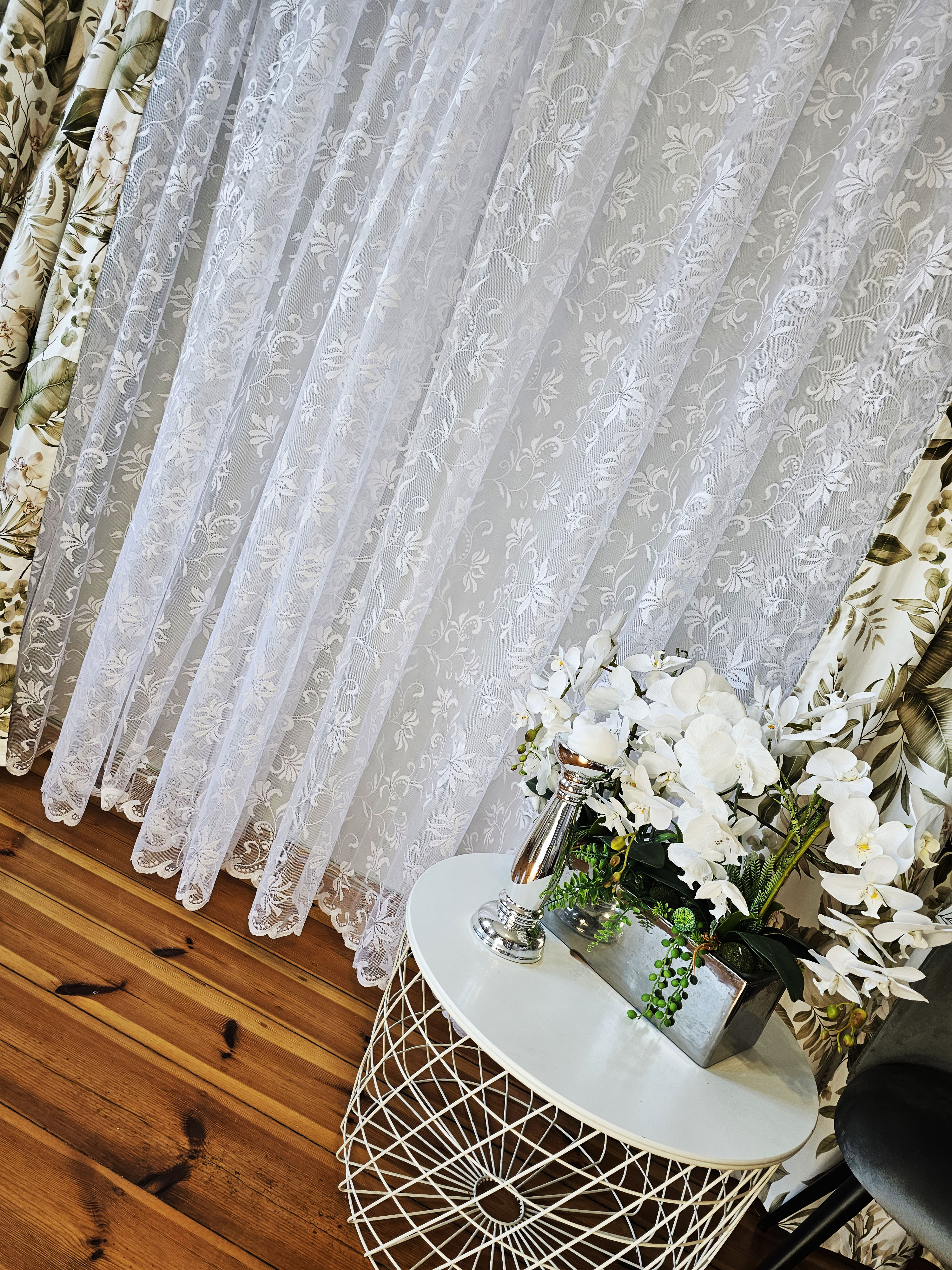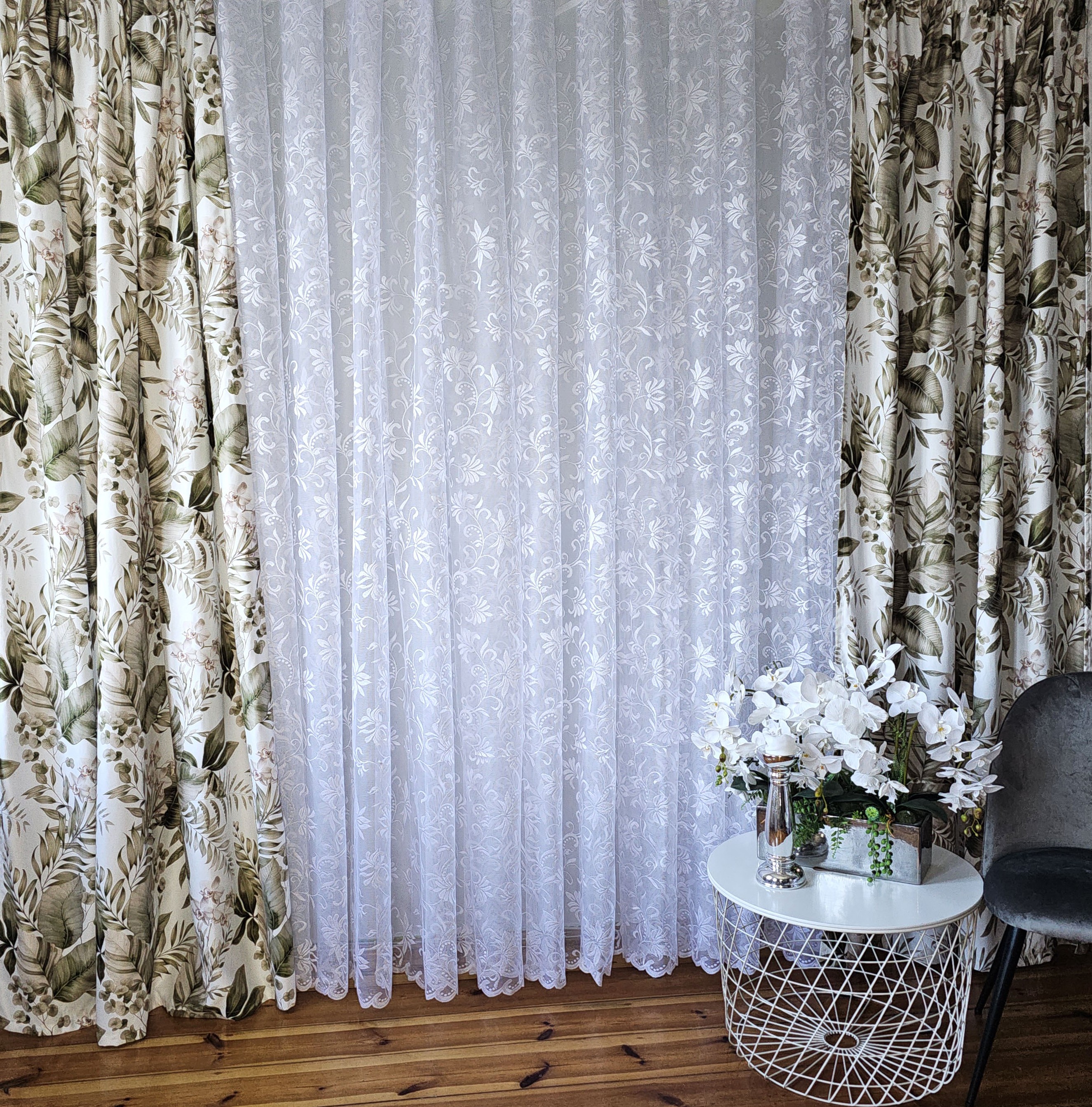 Cena wstępna to cena podana za metr firany bez szycia. Szerokość tkaniny do 250cm.
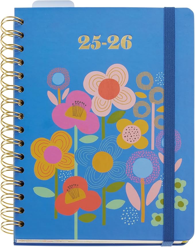 Happy Flowers okul planlayıcısı: Şık mavi arka plan üzerinde renkli çiçeklerle çizilmiş bu ajanda canlı ve rafine bir dokunuş katar. Bakır kabartmalı çift altın metalik spiral ona yüksek kaliteli bir görünüm kazandırır ve 170 x 218 mm boyutu kursu pratik ve yaratıcı bir şekilde düzenlemek için idealdir.
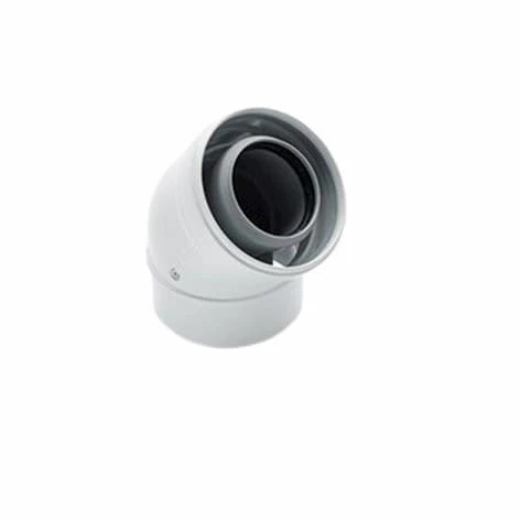 The Intergas 45 degree bend short radius elbow is a high quality bit of kit used for connecting pipes and altering the directing of the flue system. The white and grey finish gives a smart, sleek look whatever the job.
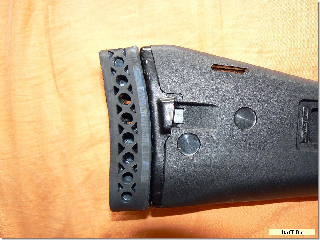 Только я дырку для кнопки не делал. Выбрал под кнопку круглой самодельной коронкой канал в резине почти до самого конца и вставил пластмассовый цилиндрик 1 см длиной в качестве толкателя. Теперь для раскладывания приклада надо слегка нажать в определенном месте затыльника и все. Кто не знает фокуса - приклад не откроет, соответственно стрелять не сможет, т.к. предохранитель заблокирован при сложеном прикладе. Вот результат.
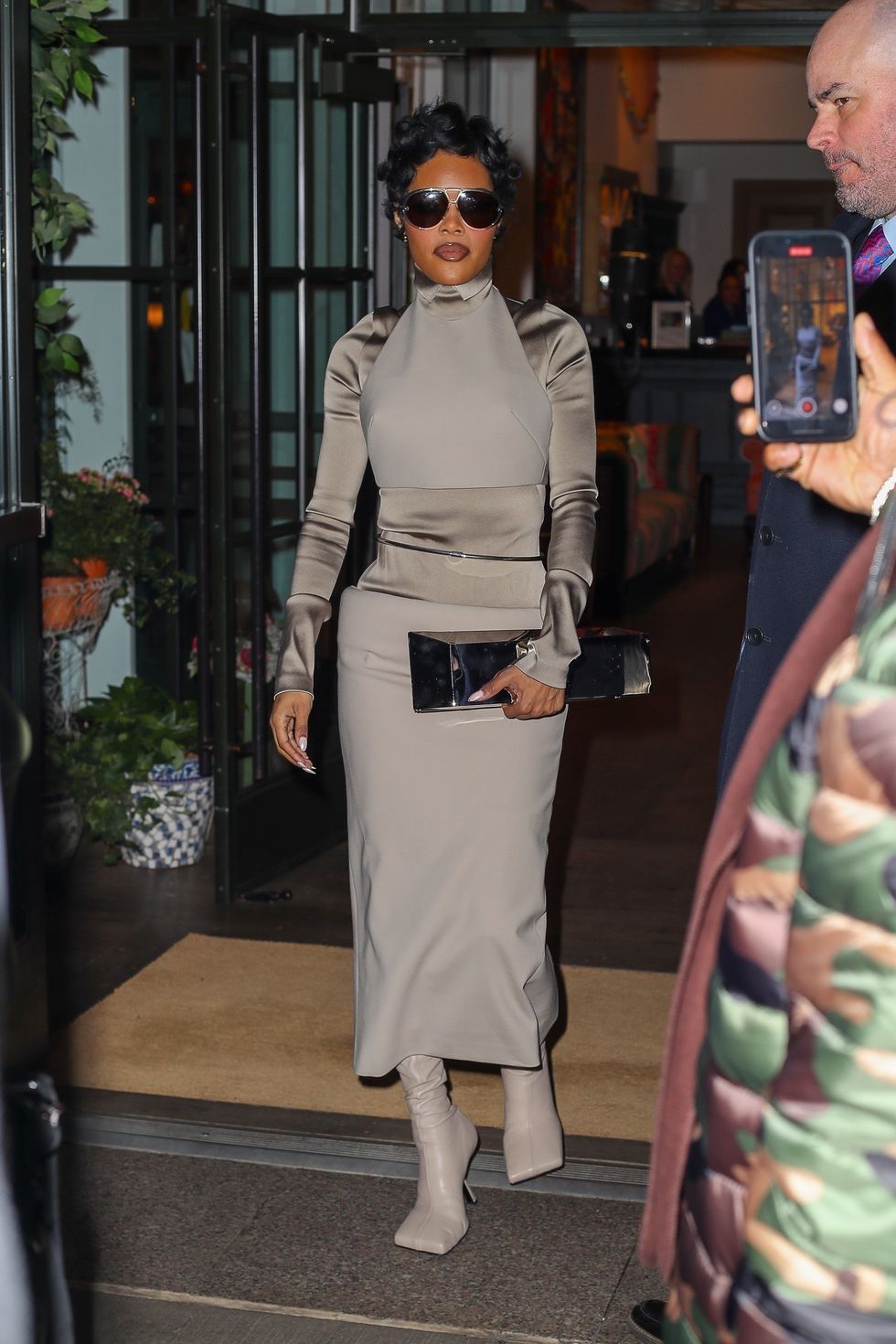 For her appearance on the "Tonight Show Starring Jimmy Fallon," Teyana Taylor pulled a monochrome look from Mugler's Spring 2026 Ready-To-Wear collection: a gray and gunmetal skirt and top set with coordinating boots.
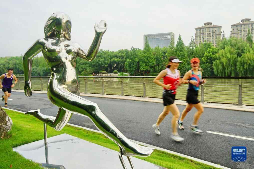 8月8日,市民在浙江省嘉兴市南湖区凌公塘文化主题公园晨跑。
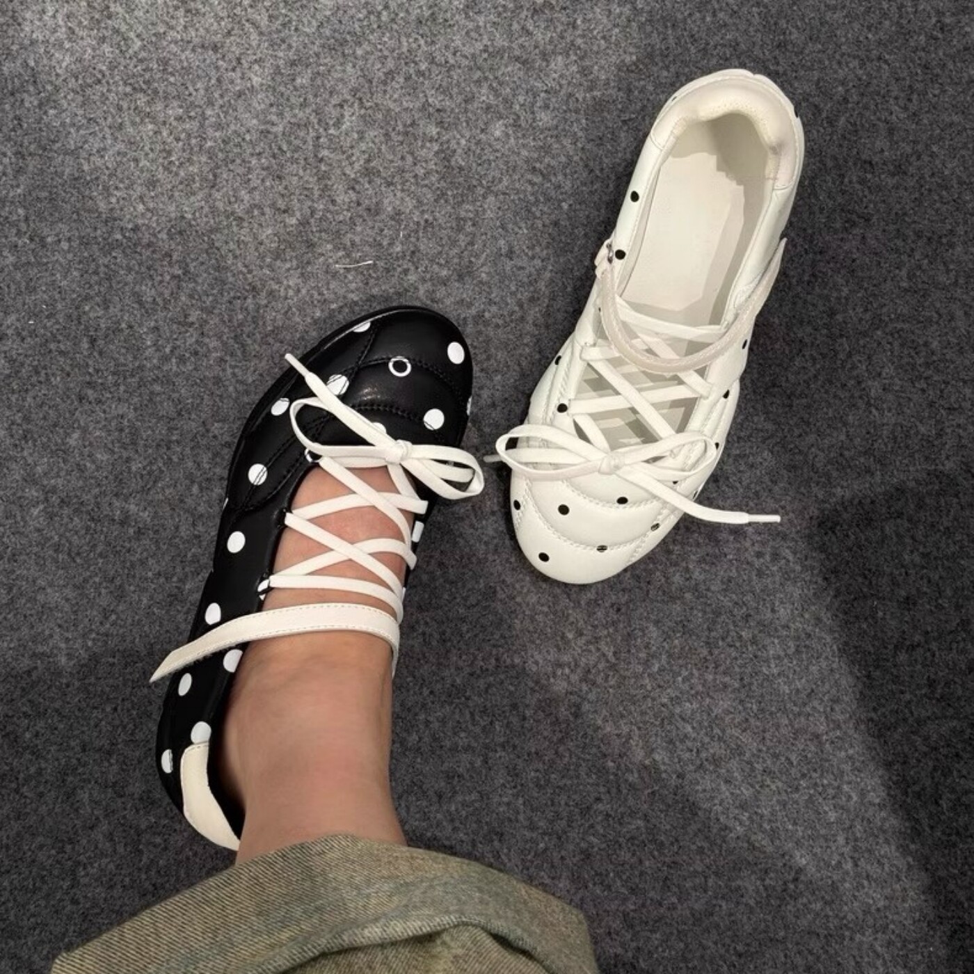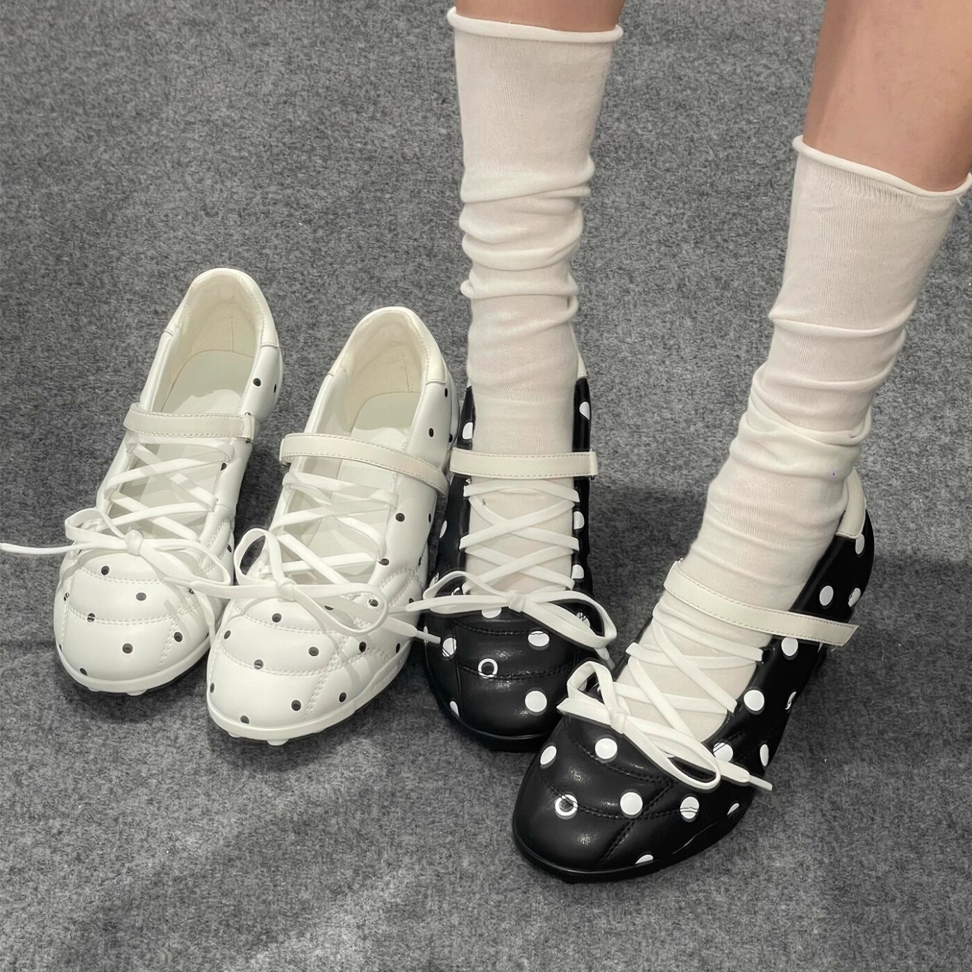 机能风波点玛丽珍鞋女2026新款绑带圆头中跟芭蕾单鞋配裙子高跟鞋

------------

The output should consist of every entry above, printed exactly, with the images removed.

 Cena wstępna to cena podana za metr firany bez szycia. Szerokość tkaniny do 250cm.
 Happy Flowers okul planlayıcısı: Şık mavi arka plan üzerinde renkli çiçeklerle çizilmiş bu ajanda canlı ve rafine bir dokunuş katar. Bakır kabartmalı çift altın metalik spiral ona yüksek kaliteli bir görünüm kazandırır ve 170 x 218 mm boyutu kursu pratik ve yaratıcı bir şekilde düzenlemek için idealdir.
 The Intergas 45 degree bend short radius elbow is a high quality bit of kit used for connecting pipes and altering the directing of the flue system. The white and grey finish gives a smart, sleek look whatever the job.
 Только я дырку для кнопки не делал. Выбрал под кнопку круглой самодельной коронкой канал в резине почти до самого конца и вставил пластмассовый цилиндрик 1 см длиной в качестве толкателя. Теперь для раскладывания приклада надо слегка нажать в определенном месте затыльника и все. Кто не знает фокуса - приклад не откроет, соответственно стрелять не сможет, т.к. предохранитель заблокирован при сложеном прикладе. Вот результат.
 For her appearance on the "Tonight Show Starring Jimmy Fallon," Teyana Taylor pulled a monochrome look from Mugler's Spring 2026 Ready-To-Wear collection: a gray and gunmetal skirt and top set with coordinating boots.
 8月8日,市民在浙江省嘉兴市南湖区凌公塘文化主题公园晨跑。
 机能风波点玛丽珍鞋女2026新款绑带圆头中跟芭蕾单鞋配裙子高跟鞋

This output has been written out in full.